Distinct on Postgresql JSON data column

If you use PG 9.4 , using JSONB rather than JSON solves this problem Example :

-- JSON datatype test 

create table t1 (id int, val json);
insert into t1 (id,val) values (1,'{"name":"value"}');
insert into t1 (id,val) values (1,'{"name":"value"}');
insert into t1 (id,val) values (2,'{"key":"value"}');
select * from t1 order by id;
select distinct * from t1 order by id;

-- JSONB datatype test 

create table t2 (id int, val jsonb);
insert into t2 (id,val) values (1,'{"name":"value"}');
insert into t2 (id,val) values (1,'{"name":"value"}');
insert into t2 (id,val) values (2,'{"key":"value"}');

select * from t2 order by id;

select distinct * from t2 order by id;

Result of running the above script :

CREATE TABLE
INSERT 0 1
INSERT 0 1
INSERT 0 1
1 | {"name":"value"}
1 | {"name":"value"}
2 | {"key":"value"}

ERROR:  could not identify an equality operator for type json
LINE 1: select distinct * from t1 order by id;
                    ^
CREATE TABLE
INSERT 0 1
INSERT 0 1
INSERT 0 1
1 | {"name": "value"}
1 | {"name": "value"}
2 | {"key": "value"}

1 | {"name": "value"}
2 | {"key": "value"}

As you can see PG succeeded to imply DISTINCT on a JSONB column while it fails on a JSON column !

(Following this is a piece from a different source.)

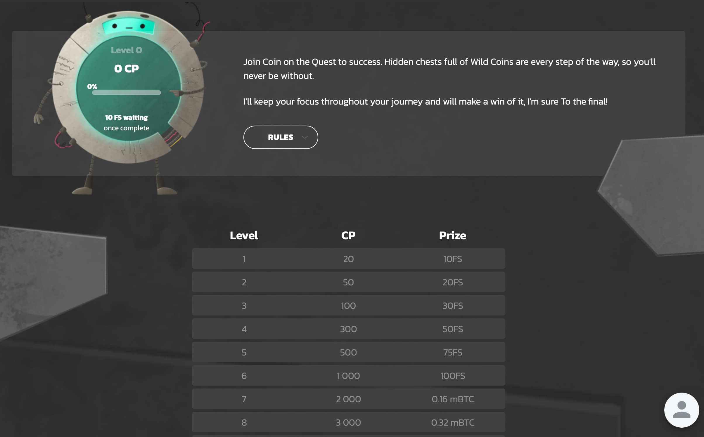 As recompensas em Wildcoins continuam chegando, desta vez na forma de missões. Depois de registrar uma conta, você será automaticamente inscrito no clube VIP do cassino. Toda aposta em dinheiro real que você coloca se traduzirá em pontos. O padrão A taxa de conversão é de 1 cp para cada 0,00025 BTC apostado em slots.
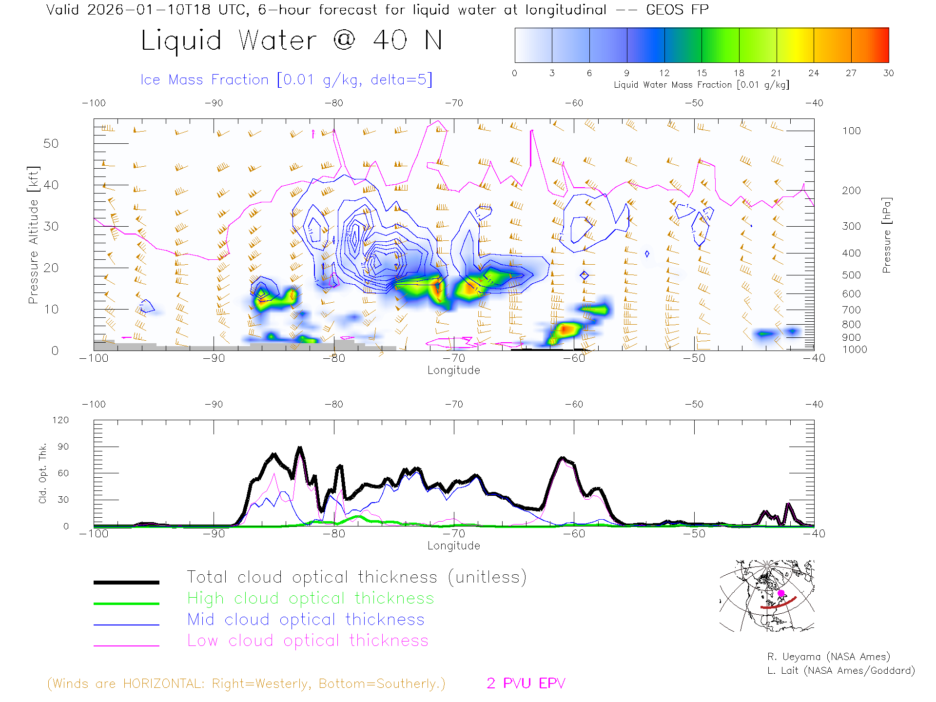 GEOS Forecast Cloud Water Content X-Section (40 N)

Try also the following to see that actually keys in the JSONB are sorted :

insert into t2 values (3, '{"a":"1", "b":"2"}');
insert into t2 values (3, '{"b":"2", "a":"1"}');
select * from t2;

1 | {"name": "value"}
1 | {"name": "value"}
2 | {"key": "value"}
3 | {"a": "1", "b": "2"}
3 | {"a": "1", "b": "2"}

note that '{"b":"2", "a":"1"}' was inserted as '{"a":"1", "b":"2"}' therefor PG identifies that as the same record :

select distinct * from t2;
3 | {"a": "1", "b": "2"}
2 | {"key": "value"}
1 | {"name": "value"}

Yeah, unfortunately postgres json doesn't implement equality, but jsonb does. So migrating json columns to jsonb and it should work okay.

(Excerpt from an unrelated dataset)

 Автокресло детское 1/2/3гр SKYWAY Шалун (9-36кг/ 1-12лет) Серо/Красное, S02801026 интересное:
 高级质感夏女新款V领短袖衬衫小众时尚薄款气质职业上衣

Sorry I'm late on this answer, but it might help others.

As I understand your query, you're only getting possible duplicates on profiles because of the many-to-many join to integrations (which you're using to determine which profiles to access).

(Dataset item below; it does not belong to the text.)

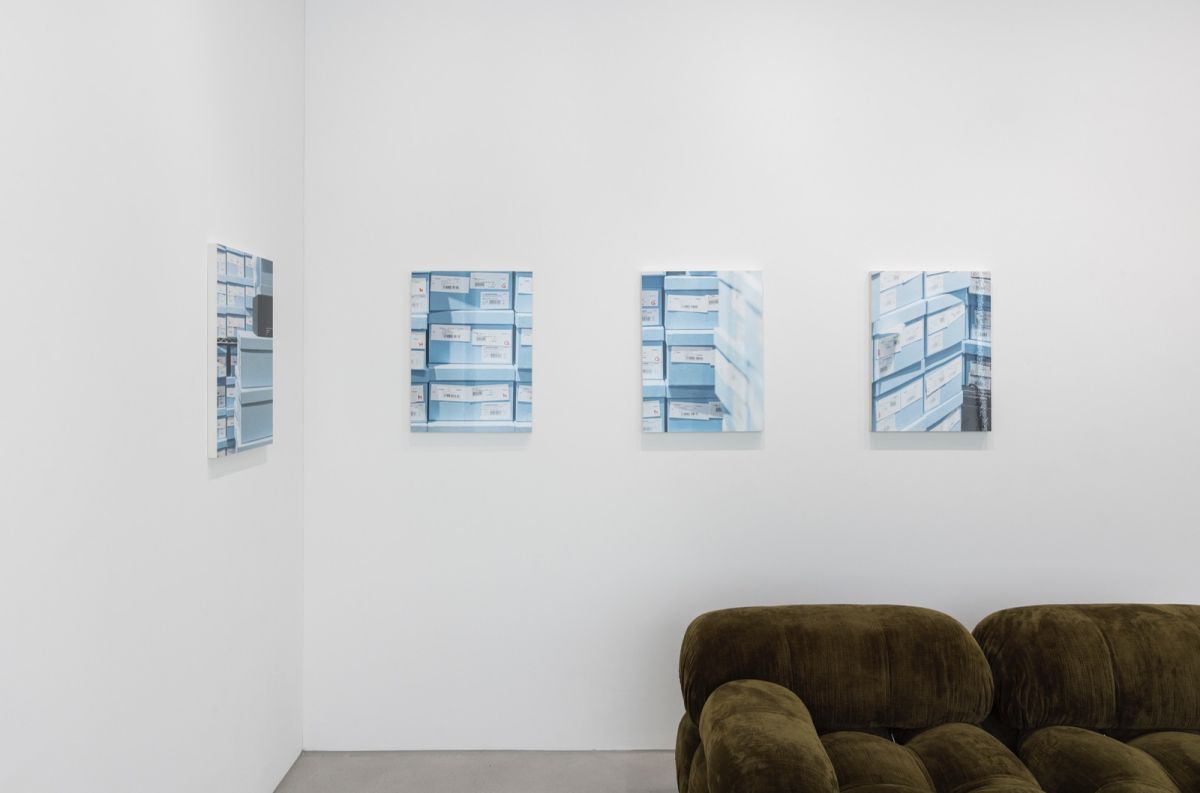 RD: Let’s talk about the individual works in the exhibition in more detail. There are photographs of various garments, and there are photographs of shoeboxes. The box serves as a shell for a product, just as textiles ultimately envelop the body.

Because of that, you can use a new GROUP BY feature as of 9.1:

When GROUP BY is present, it is not valid for the SELECT list expressions to refer to ungrouped columns except within aggregate functions or if the ungrouped column is functionally dependent on the grouped columns, since there would otherwise be more than one possible value to return for an ungrouped column. A functional dependency exists if the grouped columns (or a subset thereof) are the primary key of the table containing the ungrouped column.

So in your case, you could get Ruby to create the query (sorry, I don't know the Ruby syntax you're using)...

SELECT profiles.* 
FROM "profiles" 
  INNER JOIN "integration_profiles" ON "profiles"."id" = "integration_profiles"."profile_id" 
  INNER JOIN "integrations" ON "integration_profiles"."integration_id" = "integrations"."id" 
WHERE "integrations"."user_id" = $1
GROUP BY "profiles"."id"

I only removed the DISTINCT from your SELECT clause and added the GROUP BY.

By referring ONLY to the id in the GROUP BY, you take advantage of that new feature because all the remaining profiles columns are "functionally dependent" on that id primary key.

Somehow, wonderfully that avoids the need for Postgres to do equality checks on the dependent columns (ie your json column in this case).

The DISTINCT ON solution is also great, and clearly sufficient in your case, but you can't use aggregate functions like array_agg with it. You CAN with this GROUP BY approach. Happy days! :)


The reason behind this, is that in PostgreSQL (up to 9.3) there is no equality operator defined for json (i.e. val1::json = val2::json will always throw this exception) -- in 9.4 there will be one for the jsonb type.

One workaround is, you can cast your json field to text. But that won't cover all json equalitions. f.ex. {"a":1,"b":2} should be equal to {"b":2,"a":1}, but won't be equal if casted to text.

Another workaround is (if you have a primary key for that table -- which should be) you can use the DISTINCT ON (<expressions>) form:

u.profiles.select("DISTINCT ON (profiles.id) profiles.*")

Note: One known caveat for DISTINCT ON:

The DISTINCT ON expression(s) must match the leftmost ORDER BY expression(s). The ORDER BY clause will normally contain additional expression(s) that determine the desired precedence of rows within each DISTINCT ON group.